The nuclease and the SAP domains of Fan1 are required for wild-type resistance to cisplatin. (A) Amino acid sequence alignment between HsFAN1 and SpFan1. Manually annotated ClustalW2 alignment (http://www.ebi.ac.uk/Tools/clustalw2/index.html). The boxed regions indicate the conserved PD-(D/E)-XK nuclease motif . Asterisks indicate the residues mutated in our study (Leu159, Asp651, Glu666, Lys668 in the S. pombe homolog). These, plus additional mutants are listed in Fig. 3B (inset table). (B) Phyre2 sequence-threaded models of the spFAN1 SAP domain. Molecular ‘cartoon’ representations of the structural models based on PDB templates 2rnn and 2kvu. Key amino acids are additionally show in stick representation. The extent, quality and detail of each model is indicated by the inset amino acid sequence alignment and associated Phyre2 summary table. (C) Sensitivity of point mutations in the conserved residues of the nuclease domain to cisplatin and UV. A pso2-d background was used in order to compare the effect of the mutations to the hypersensitive double mutant fan1-d pso2-d. Logarithmically grown cultures were spotted in four 1:10 serial dilutions starting from 10⁷ cells (first spot on the left) on YEA plates containing the agents in the amount indicated. rad3-d is used as a standard hypersensitive control for the efficacy of the agents used. UV, ultra-violet irradiation; cispl, cisplatin; q. mutant, fan1-R160E R164E K171E R173E; N-term trunc, N-terminal truncation mutant d. Sensitivity of point and truncation mutants in the SAP domain to cisplatin. As described under (C).

Fig. 3

The PEM-2 screen identifies a novel Pli1-dependent pathway of ICL repair. (A). Schematic representing the marker selection process throughout the PEM-2 high-throughput screen. The PEM-2 (Pombe Epistatic Mapper—2) approach is based on recessive resistance to the drug cycloheximide. Step1 (blue panel): construction of the fan1::natMX6 query mutant. Step 2 (green panel): screen of the Bioneer^® deletion mutant library. Mating and selection procedures ensure the maintenance of the three markers NAT^R, G418^R and cyh^R (at the native locus), conferring to the final double deletion mutant resistance to nourseothricin, geneticin and cycloheximide, respectively. See supplementary section and for further details. (B). Sensitivity to cisplatin of the combination of mutants hus1, rad1 and rad17 with fan1. Logarithmically grown cultures were spotted in four 1:10 serial dilutions starting from 10⁷ cells (first spot on the left) on YEA plates containing the agents in the amount indicated. rad3-d is used as a standard hypersensitive control for the efficacy of the agents used.
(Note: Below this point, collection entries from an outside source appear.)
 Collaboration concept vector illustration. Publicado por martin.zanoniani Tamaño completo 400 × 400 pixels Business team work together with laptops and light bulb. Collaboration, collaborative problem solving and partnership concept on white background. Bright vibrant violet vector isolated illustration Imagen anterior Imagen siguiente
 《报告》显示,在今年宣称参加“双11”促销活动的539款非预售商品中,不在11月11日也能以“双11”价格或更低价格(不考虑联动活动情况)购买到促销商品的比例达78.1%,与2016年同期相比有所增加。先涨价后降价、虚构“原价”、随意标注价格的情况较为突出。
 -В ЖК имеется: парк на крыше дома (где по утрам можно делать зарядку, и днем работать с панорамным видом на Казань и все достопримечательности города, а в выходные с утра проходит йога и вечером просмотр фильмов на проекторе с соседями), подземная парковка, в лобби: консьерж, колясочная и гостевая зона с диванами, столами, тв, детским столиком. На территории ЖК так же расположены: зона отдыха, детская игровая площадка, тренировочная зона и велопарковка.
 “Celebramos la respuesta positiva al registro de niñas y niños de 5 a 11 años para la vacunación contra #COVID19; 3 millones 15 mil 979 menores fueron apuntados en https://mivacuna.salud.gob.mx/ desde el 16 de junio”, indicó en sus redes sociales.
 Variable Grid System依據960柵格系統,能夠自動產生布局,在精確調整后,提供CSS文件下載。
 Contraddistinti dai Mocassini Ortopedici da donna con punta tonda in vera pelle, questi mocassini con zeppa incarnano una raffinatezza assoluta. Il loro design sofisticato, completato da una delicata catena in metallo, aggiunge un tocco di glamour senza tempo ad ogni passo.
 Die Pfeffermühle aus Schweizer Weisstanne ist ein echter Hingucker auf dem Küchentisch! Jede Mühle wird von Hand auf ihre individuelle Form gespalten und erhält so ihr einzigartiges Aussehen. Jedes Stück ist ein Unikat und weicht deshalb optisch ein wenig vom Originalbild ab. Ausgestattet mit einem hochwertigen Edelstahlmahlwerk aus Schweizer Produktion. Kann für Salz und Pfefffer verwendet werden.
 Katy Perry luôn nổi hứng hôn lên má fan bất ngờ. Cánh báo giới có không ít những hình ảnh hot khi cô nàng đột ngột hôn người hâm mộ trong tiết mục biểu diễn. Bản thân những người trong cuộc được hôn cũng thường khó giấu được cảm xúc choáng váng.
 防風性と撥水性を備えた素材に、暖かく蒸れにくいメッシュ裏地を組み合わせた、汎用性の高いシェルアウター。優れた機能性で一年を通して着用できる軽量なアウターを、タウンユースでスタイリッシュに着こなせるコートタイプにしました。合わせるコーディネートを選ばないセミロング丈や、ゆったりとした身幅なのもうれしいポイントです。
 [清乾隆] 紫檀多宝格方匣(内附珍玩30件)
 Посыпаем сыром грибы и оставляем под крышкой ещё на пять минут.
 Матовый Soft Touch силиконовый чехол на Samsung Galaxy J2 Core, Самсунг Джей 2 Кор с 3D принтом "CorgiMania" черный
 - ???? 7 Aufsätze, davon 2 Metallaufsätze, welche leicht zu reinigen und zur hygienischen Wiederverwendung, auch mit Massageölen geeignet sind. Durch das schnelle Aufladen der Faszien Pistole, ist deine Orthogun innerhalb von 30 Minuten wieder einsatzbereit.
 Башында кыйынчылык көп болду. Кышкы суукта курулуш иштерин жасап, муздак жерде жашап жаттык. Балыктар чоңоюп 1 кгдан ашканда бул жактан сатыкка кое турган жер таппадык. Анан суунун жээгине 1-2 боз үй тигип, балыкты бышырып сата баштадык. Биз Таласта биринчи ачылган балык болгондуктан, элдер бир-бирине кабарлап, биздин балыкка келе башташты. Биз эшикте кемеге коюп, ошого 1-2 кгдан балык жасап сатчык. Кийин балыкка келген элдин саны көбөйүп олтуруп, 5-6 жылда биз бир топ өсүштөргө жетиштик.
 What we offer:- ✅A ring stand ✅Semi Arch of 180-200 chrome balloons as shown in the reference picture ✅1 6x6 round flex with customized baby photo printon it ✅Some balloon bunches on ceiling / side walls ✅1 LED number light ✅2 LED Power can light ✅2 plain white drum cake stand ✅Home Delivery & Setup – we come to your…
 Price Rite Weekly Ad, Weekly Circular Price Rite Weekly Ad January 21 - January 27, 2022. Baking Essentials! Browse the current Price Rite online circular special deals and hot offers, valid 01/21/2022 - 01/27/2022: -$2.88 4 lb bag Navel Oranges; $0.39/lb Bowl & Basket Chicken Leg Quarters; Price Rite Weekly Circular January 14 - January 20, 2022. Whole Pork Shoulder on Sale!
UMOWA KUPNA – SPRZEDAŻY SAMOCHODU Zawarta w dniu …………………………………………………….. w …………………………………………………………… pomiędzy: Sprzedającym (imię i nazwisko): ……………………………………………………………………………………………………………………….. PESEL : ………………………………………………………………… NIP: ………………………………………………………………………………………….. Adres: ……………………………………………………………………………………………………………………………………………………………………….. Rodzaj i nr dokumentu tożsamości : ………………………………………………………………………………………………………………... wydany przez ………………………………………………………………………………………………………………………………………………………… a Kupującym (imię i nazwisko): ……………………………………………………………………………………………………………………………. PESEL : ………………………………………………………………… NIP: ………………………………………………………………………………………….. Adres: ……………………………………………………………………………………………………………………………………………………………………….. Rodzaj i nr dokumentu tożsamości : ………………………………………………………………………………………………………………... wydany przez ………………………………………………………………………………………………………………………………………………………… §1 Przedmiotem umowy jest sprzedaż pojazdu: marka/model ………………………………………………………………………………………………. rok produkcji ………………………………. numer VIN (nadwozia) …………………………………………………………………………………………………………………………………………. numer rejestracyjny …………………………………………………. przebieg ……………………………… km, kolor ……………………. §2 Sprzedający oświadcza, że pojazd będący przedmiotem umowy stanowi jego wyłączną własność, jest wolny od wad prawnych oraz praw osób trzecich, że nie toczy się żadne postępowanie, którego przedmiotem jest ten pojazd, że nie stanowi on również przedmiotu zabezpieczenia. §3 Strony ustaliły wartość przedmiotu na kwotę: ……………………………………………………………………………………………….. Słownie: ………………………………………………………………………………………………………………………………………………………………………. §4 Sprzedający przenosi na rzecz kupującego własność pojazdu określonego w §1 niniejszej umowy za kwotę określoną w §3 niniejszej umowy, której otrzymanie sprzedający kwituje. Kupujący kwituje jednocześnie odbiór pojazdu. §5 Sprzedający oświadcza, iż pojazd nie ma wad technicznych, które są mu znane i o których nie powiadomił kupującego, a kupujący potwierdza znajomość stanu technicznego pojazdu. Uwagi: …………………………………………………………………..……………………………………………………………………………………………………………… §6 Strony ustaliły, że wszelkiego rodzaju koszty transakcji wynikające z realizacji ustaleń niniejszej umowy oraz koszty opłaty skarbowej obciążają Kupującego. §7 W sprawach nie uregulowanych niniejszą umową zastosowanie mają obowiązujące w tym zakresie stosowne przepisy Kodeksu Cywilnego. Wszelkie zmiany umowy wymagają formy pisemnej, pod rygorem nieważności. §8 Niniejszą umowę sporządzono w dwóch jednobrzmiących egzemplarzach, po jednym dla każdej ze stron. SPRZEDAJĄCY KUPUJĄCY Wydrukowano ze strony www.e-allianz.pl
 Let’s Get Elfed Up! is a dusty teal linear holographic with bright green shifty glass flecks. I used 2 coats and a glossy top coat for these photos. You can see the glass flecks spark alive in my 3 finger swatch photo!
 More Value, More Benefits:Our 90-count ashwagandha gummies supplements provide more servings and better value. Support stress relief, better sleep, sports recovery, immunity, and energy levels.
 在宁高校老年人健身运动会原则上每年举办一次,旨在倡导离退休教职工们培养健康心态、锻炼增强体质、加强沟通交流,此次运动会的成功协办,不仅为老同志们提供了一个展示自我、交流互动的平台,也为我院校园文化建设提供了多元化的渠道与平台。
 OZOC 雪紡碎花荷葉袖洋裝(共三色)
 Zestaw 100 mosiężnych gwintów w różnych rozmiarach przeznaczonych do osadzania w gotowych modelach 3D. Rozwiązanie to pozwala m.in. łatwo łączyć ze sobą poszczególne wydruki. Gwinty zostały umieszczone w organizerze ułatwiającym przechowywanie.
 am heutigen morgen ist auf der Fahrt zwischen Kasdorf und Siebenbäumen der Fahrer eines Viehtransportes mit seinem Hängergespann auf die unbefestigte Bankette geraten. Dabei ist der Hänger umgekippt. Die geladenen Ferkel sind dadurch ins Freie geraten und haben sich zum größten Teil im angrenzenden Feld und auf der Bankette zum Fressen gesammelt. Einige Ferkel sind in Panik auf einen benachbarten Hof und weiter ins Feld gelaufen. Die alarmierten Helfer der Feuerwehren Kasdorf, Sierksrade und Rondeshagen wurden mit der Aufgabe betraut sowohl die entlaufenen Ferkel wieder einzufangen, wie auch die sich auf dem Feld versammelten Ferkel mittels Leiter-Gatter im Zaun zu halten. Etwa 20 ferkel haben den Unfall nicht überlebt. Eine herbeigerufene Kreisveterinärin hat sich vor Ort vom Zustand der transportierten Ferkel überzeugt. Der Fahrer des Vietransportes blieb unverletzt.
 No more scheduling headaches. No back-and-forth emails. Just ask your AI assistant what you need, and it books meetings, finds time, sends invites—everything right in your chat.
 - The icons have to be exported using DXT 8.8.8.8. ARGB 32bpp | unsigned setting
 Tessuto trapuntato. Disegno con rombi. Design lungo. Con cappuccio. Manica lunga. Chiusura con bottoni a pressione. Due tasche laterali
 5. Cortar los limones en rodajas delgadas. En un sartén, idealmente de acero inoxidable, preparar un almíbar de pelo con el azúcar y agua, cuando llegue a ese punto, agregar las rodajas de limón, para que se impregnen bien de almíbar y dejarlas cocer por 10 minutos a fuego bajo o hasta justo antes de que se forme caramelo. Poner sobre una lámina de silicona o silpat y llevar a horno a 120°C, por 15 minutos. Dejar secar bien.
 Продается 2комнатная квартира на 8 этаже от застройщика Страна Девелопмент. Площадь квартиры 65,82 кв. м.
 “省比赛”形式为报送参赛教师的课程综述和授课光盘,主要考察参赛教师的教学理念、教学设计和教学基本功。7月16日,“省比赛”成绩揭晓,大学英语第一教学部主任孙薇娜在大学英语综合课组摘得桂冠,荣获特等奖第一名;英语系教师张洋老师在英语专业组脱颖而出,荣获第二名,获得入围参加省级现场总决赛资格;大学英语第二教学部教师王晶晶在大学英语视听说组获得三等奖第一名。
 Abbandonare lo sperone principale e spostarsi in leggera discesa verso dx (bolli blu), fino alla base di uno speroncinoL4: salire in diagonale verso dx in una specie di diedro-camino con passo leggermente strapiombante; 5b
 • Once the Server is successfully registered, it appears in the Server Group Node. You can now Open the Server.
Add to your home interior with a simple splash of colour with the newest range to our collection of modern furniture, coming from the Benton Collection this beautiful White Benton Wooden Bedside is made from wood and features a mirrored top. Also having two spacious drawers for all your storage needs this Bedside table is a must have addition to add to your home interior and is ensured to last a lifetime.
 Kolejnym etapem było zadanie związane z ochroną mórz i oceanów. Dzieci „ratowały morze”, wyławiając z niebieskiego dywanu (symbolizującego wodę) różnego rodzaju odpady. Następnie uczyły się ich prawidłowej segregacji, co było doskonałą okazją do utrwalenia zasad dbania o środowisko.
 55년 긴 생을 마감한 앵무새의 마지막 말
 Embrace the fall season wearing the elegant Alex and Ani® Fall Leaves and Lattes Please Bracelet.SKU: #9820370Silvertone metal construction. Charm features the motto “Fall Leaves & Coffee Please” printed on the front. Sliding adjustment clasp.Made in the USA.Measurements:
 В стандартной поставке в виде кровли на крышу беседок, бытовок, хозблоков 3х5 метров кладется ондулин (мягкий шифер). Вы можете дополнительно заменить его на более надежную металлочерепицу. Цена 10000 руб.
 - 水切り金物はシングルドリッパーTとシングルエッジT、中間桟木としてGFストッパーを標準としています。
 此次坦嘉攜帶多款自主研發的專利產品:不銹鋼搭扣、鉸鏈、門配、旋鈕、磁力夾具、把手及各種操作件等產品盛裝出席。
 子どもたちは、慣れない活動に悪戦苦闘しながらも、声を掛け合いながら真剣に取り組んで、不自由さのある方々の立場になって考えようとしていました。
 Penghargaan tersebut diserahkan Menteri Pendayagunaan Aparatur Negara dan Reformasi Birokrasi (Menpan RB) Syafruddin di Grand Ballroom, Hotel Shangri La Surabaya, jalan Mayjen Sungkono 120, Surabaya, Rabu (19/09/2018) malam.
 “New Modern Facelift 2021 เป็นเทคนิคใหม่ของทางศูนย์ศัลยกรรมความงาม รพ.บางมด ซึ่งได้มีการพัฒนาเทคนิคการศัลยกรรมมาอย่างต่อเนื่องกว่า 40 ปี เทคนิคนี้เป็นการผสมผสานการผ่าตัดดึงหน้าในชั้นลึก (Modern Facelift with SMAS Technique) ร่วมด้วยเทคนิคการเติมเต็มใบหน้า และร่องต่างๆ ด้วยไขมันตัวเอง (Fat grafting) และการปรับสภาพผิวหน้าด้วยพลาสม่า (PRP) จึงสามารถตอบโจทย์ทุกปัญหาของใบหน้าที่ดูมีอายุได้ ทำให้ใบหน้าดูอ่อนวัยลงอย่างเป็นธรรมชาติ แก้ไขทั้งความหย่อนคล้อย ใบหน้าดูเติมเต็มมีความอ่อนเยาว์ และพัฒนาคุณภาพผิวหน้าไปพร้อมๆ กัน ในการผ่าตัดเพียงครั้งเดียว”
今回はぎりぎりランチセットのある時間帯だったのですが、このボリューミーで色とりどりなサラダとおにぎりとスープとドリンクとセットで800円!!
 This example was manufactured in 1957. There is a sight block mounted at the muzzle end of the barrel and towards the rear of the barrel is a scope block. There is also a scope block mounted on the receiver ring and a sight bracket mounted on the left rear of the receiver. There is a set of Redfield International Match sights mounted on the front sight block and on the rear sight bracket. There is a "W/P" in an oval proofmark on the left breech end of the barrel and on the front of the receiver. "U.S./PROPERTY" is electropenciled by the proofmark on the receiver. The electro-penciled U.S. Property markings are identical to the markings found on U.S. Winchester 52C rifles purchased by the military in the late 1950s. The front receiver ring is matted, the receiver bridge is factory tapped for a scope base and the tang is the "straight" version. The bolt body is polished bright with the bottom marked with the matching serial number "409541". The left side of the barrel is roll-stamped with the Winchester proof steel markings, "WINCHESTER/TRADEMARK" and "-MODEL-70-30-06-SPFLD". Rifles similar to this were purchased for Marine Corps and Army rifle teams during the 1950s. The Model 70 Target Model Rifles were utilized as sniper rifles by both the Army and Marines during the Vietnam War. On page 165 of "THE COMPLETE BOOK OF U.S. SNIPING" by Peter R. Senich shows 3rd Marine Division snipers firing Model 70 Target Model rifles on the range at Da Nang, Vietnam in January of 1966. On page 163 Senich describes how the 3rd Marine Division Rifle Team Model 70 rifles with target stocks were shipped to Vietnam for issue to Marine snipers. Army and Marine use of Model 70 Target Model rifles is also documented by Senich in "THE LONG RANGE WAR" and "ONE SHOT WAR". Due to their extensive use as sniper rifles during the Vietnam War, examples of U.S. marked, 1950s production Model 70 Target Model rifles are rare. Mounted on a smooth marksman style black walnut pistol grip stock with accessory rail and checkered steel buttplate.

The double mutants tested in this and the above experiments were derived from independently constructed single deletion mutants. fan1-d: 3909 and 14152 backgrounds. UV, ultra-violet irradiation; cispl, cisplatin. (C) Sensitivity to UV and cisplatin of the combination of pli1 and fan1 null mutants. As described under (B). (For interpretation of the references to color in this figure legend, the reader is referred to the web version of this article.)

Fig. 4

Pli1 acts on a pathway of ICL repair distinct from the fan1- and the pso2-dependent systems. (A) Sensitivity of pli1-deleted mutants combined with deletions of fan1 and pso2. fan1-d: 3909 background. Logarithmically grown cultures were spotted in four 1:10 serial dilutions starting from 10⁷ cells (first spot on the left) on YEA plates containing the agents in the amount indicated. rad3-d is used as a standard hypersensitive control for the efficacy of the agents used. Abbreviations used: UV, ultra-violet irradiation; cispl, cisplatin. (B) Proposed schematic of ICL resolution in S. pombe. The components of the various DNA repair pathways are shown in the relevant boxes, as assigned from the genetic analysis presented in this study. Left panel: possible roles for Fan1 in the Fan1-dependent resolution pathway. For simplicity, only the double fork model of ICL resolution is shown.